Work required:
Pictures are to be dropped. Everything else in the listing gets copied exactly.

Data provided:
-----

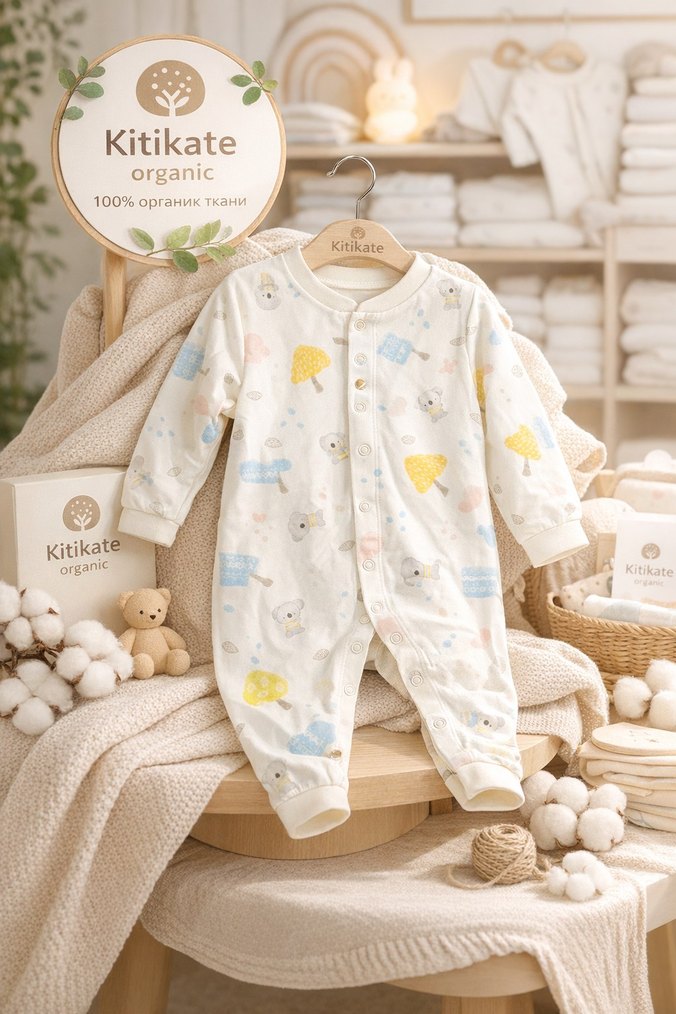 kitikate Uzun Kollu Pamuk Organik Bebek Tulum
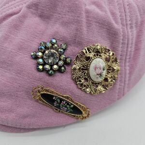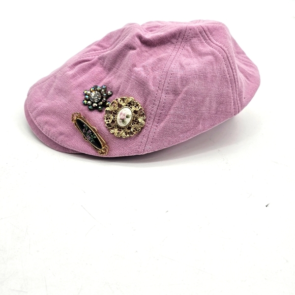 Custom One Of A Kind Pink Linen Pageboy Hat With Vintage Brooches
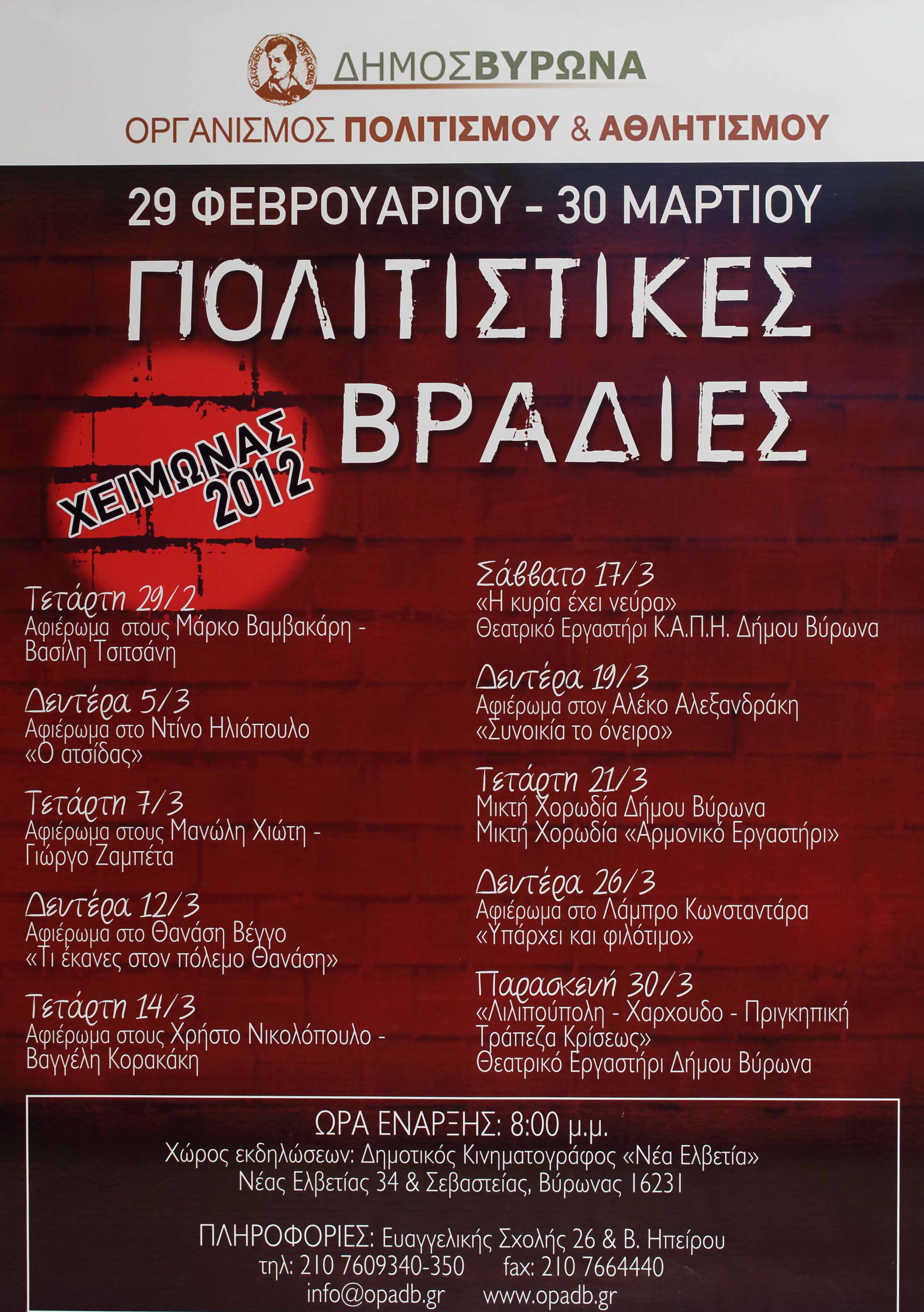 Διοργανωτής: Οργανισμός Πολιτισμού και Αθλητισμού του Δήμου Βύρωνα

-----

Response for this exercise:
 kitikate Uzun Kollu Pamuk Organik Bebek Tulum
 Custom One Of A Kind Pink Linen Pageboy Hat With Vintage Brooches
 Διοργανωτής: Οργανισμός Πολιτισμού και Αθλητισμού του Δήμου Βύρωνα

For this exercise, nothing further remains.